It's customary to say that floating-point numbers are "not accurate" or that they suffer from "roundoff error". But in fact, floating-point numbers are, in their own way, perfectly accurate — it's just that they're accurate in base two, not the base 10 we're used to thinking about.
The surprising fact is that most decimal (base 10) fractions do not exist as finite binary fractions. This is similar to the way that the number 1/3 does not even exist as a finite decimal fraction. You can approximate 1/3 as 0.333 or 0.3333333333 or 0.33333333333333333333, but without an infinite number of 3's it's only an approximation. Similarly, you can approximate 1/10 in base 2 as 0b0.00011 or 0b0.000110011 or 0b0.000110011001100110011001100110011, but without an infinite number of 0011's it, too, is only an approximation. (That last rendition, with 33 bits past the binary point, works out to about 0.0999999999767.)

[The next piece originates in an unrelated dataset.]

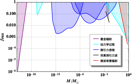 图1 原初黑洞的观测限制。横轴为原初黑洞质量(以太阳质量为单位),纵轴为原初黑洞的能量密度(以暗物质的能量密度为单位)。紫色为霍金辐射导致黑洞蒸发的限制。天蓝色三角形为白矮星俘获原初黑洞的限制。蓝色为微引力透镜的限制,从左到右分别为Subaru HSC,EROS,OGLE。黑灰色梯形为LIGO第二期运行时得到的双黑洞引力波限制。右方天蓝色为矮星系俘获原初黑洞的限制。红色为微波背景辐射的限制。由于波动光学效应和有限尺度效应,1017克到1022克的质量区间的原初黑洞不能产生微引力透镜,因此无法通过光学手段观测。原初黑洞有可能在这个质量区间提供全部暗物质。对该窗口的唯一可能的观测限制来自于未来的空间引力波实验。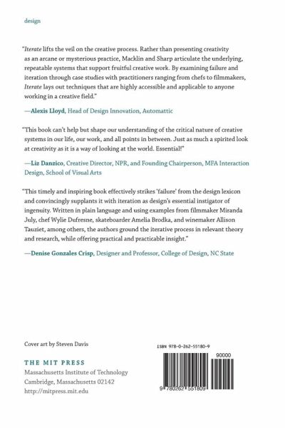 How to confront, embrace, and learn from the unavoidable failures of creative practice; with case studies that range from winemaking to animation. Failure is an inevitable part of any creative practice. As game designers, John Sharp and Colleen Macklin have grappled with crises of creativity, false starts, and bad outcomes. Their tool for coping with the many varieties of failure: iteration, the cyclical process of conceptualizing, prototyping, testing, and evaluating. Sharp and Macklin have found that failure--often hidden, covered up, a source of embarrassment--is the secret ingredient of iterative creative process. In Iterate, they explain how to fail better. After laying out the four components of creative practice--intention, outcome, process, and evaluation--Sharp and Macklin describe iterative methods from a wide variety of fields. They show, for example, how Radiolab cohosts Jad Abumrad and Robert Krulwich experiment with radio as a storytelling medium; how professional skateboarder Amelia Bródka develops skateboarding tricks through trial and error; and how artistic polymath Miranda July explores human frailty through a variety of media and techniques. Whimsical illustrations tell parallel stories of iteration, as hard-working cartoon figures bake cupcakes, experiment with levitating office chairs, and think outside the box in toothbrush design ("let's add propellers!"). All, in their various ways, use iteration to transform failure into creative outcomes. With Iterate, Sharp and Macklin offer useful lessons for anyone interested in the creative process. Case Studies: Allison Tauziet, winemaker; Matthew Maloney, animator; Jad Abumrad and Robert Krulwich, Radiolab cohosts; Wylie Dufresne, chef; Nathalie Pozzi, architect, and Eric Zimmerman, game designer; Andy Milne, jazz musician; Amelia Bródka, skateboarder; Baratunde Thurston, comedian; Cas Holman, toy designer; Miranda July, writer and filmmaker

And it's the same with most decimal fractions you can think of, including 0.128. So when I wrote
float f = 0.128;
what I actually got in f was the binary number 0b0.00100000110001001001101111, which in decimal is exactly 0.12800000607967376708984375.

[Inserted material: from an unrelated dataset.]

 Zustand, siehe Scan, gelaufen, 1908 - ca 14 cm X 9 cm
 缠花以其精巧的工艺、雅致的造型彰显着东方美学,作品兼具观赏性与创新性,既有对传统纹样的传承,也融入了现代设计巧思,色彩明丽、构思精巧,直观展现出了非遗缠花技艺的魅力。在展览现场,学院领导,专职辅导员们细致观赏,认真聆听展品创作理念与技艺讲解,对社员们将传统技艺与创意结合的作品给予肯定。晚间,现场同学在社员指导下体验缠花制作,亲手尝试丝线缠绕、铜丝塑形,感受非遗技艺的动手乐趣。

Once a number has been stored as a float (or a double, for that matter) it is what it is: there is no way to rediscover that it was initially initialized from a "nice, round" decimal fraction like 0.128. And if you try to "count the number of decimal digits", and if your code does a really precise job, you're liable to get an answer of 26 (that is, corresponding to the digits "12800000607967376708984375"), not 3.
P.S. If you were working with computer hardware that implemented decimal floating point, this problem's goal would be meaningful, possible, and tractable. And implementations of decimal floating point do exist. But the ordinary float and double values any of is likely to use on any of today's common, mass-market computers are invariably going to be binary (specifically, conforming to IEEE-754).
P.P.S. Above I wrote, "what I actually got in f was the binary number 0b0.00100000110001001001101111". And if you count the number of significant bits there — 100000110001001001101111 — you get 24, which is no coincidence at all. You can read at single precision floating-point format that the significand portion of a float has 24 bits (with 23 explicitly stored), and here, you're seeing that in action.
float vs. code
A binary float cannot encode 0.128 exactly as it is not a dyadic rational.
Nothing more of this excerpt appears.